===== Data section
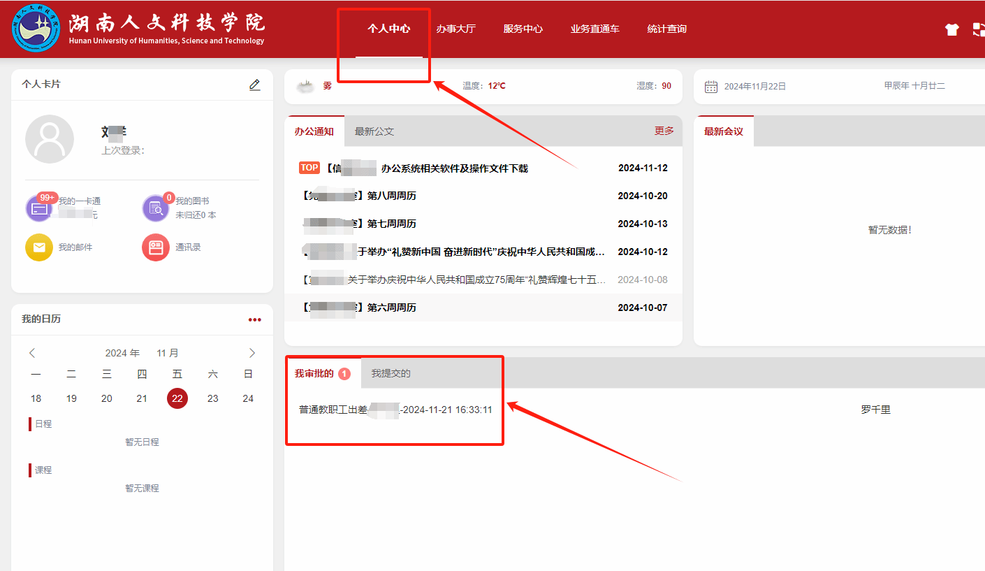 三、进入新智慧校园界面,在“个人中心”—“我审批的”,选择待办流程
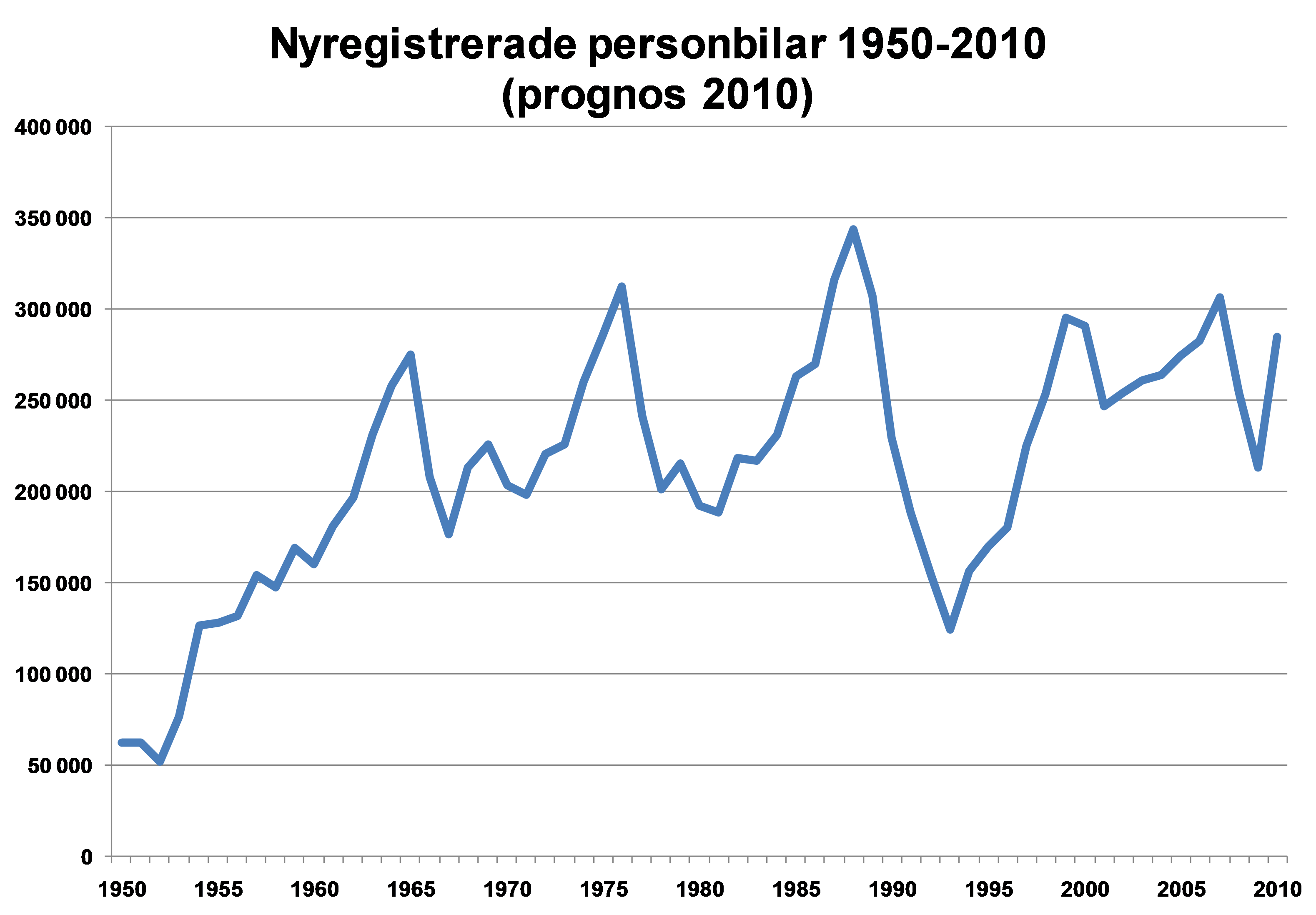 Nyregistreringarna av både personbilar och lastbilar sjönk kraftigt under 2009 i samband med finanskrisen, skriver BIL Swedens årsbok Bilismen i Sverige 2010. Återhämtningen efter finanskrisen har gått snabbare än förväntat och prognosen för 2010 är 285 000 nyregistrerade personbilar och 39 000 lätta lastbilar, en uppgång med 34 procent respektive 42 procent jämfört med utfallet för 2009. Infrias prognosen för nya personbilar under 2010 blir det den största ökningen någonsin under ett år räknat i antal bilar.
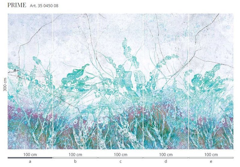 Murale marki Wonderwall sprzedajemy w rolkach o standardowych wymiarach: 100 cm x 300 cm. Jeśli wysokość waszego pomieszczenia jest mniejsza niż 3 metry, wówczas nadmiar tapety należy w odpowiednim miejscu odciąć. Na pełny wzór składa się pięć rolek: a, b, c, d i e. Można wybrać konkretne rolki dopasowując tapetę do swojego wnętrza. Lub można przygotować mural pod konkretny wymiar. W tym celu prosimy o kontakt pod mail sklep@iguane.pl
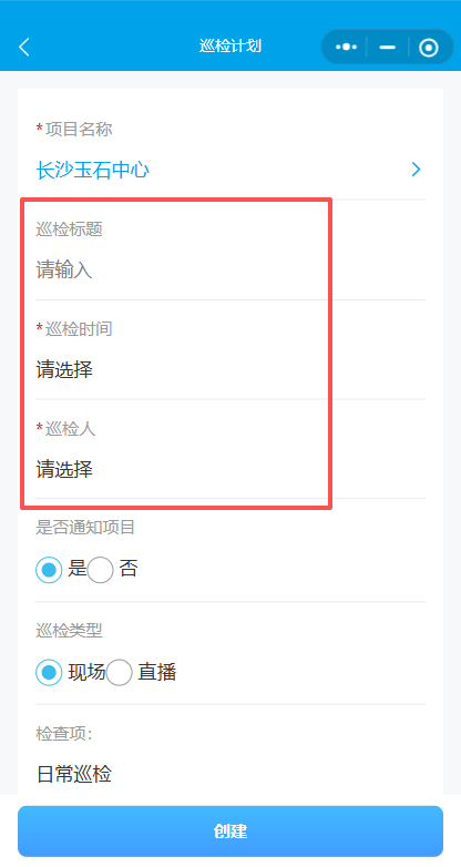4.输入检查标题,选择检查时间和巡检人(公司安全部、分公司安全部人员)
==========
===== Data section
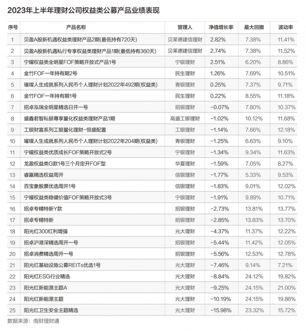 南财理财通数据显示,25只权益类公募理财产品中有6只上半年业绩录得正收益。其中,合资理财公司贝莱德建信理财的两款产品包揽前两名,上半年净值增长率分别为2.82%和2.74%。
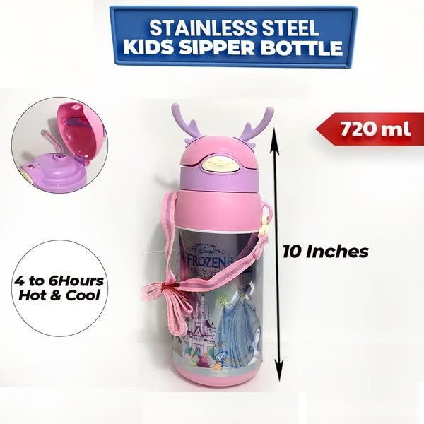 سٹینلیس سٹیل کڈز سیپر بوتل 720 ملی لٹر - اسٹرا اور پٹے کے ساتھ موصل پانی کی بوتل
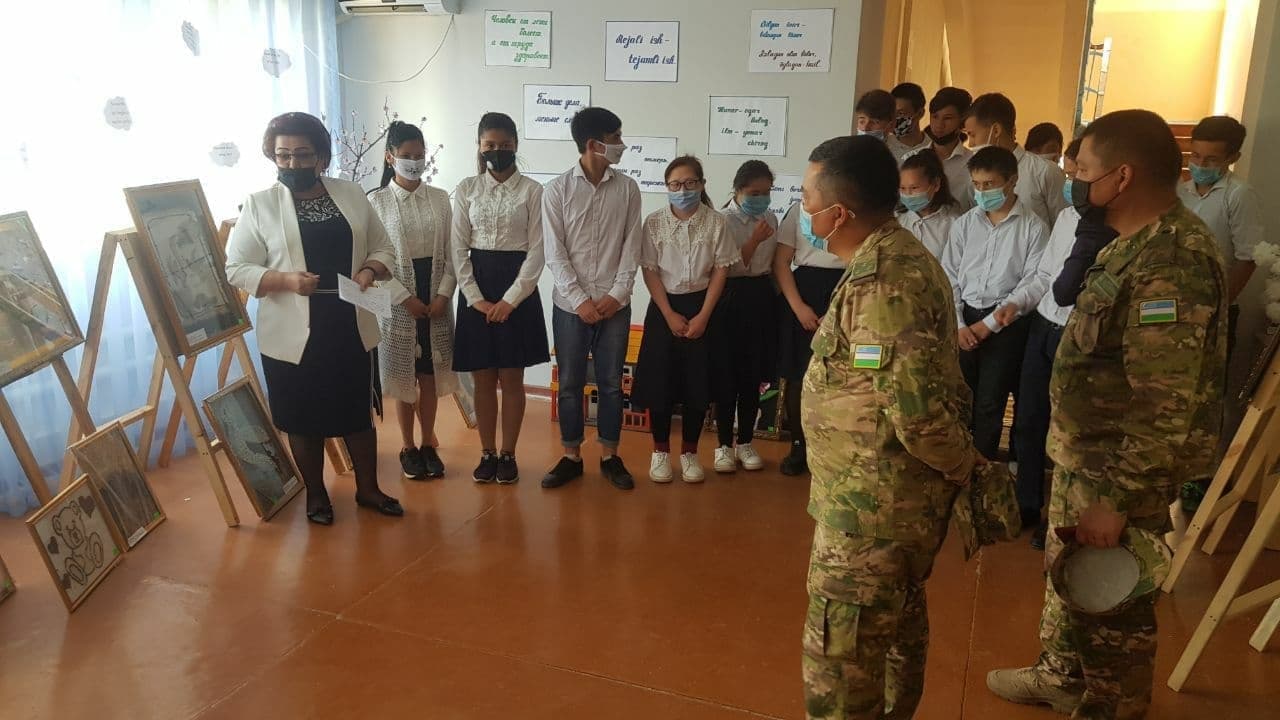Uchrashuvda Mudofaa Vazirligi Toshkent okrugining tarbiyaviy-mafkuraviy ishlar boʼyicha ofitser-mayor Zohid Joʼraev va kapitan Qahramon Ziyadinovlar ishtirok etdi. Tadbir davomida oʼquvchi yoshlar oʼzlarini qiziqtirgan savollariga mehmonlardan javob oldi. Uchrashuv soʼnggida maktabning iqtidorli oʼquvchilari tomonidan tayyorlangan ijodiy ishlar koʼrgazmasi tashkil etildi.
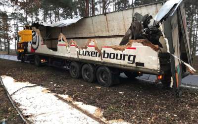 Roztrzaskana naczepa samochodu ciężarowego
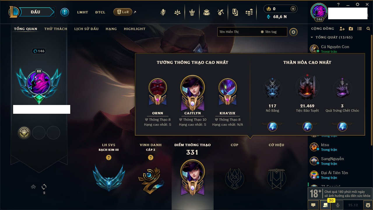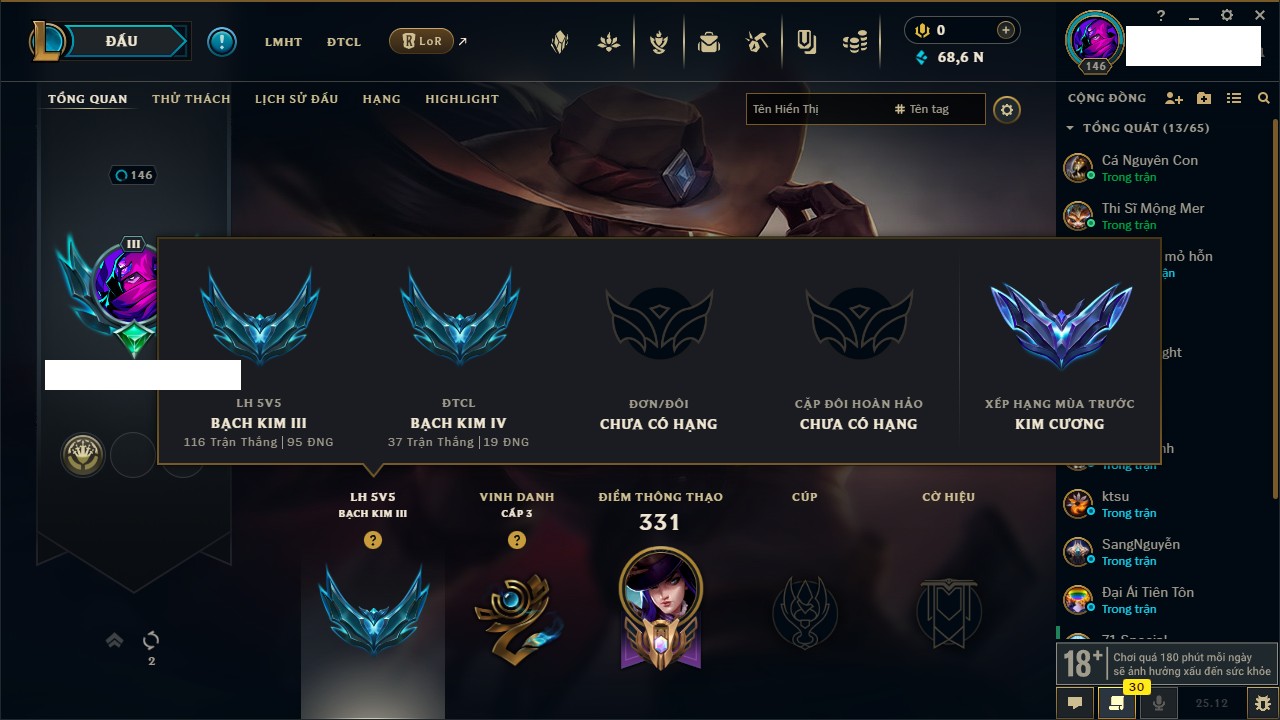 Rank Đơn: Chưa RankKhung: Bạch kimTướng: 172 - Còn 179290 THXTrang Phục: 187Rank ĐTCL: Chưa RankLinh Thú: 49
==========
> Task description
Of the lines above, quote exactly those from the one with "Nyregistreringarna av både" through the one with "4.输入检查标题,选择检查时间和巡检人(公司安全部、分公司安全部人员)", ends included; pictures stay out.

> The completed task
 Nyregistreringarna av både personbilar och lastbilar sjönk kraftigt under 2009 i samband med finanskrisen, skriver BIL Swedens årsbok Bilismen i Sverige 2010. Återhämtningen efter finanskrisen har gått snabbare än förväntat och prognosen för 2010 är 285 000 nyregistrerade personbilar och 39 000 lätta lastbilar, en uppgång med 34 procent respektive 42 procent jämfört med utfallet för 2009. Infrias prognosen för nya personbilar under 2010 blir det den största ökningen någonsin under ett år räknat i antal bilar.
 Murale marki Wonderwall sprzedajemy w rolkach o standardowych wymiarach: 100 cm x 300 cm. Jeśli wysokość waszego pomieszczenia jest mniejsza niż 3 metry, wówczas nadmiar tapety należy w odpowiednim miejscu odciąć. Na pełny wzór składa się pięć rolek: a, b, c, d i e. Można wybrać konkretne rolki dopasowując tapetę do swojego wnętrza. Lub można przygotować mural pod konkretny wymiar. W tym celu prosimy o kontakt pod mail sklep@iguane.pl
4.输入检查标题,选择检查时间和巡检人(公司安全部、分公司安全部人员)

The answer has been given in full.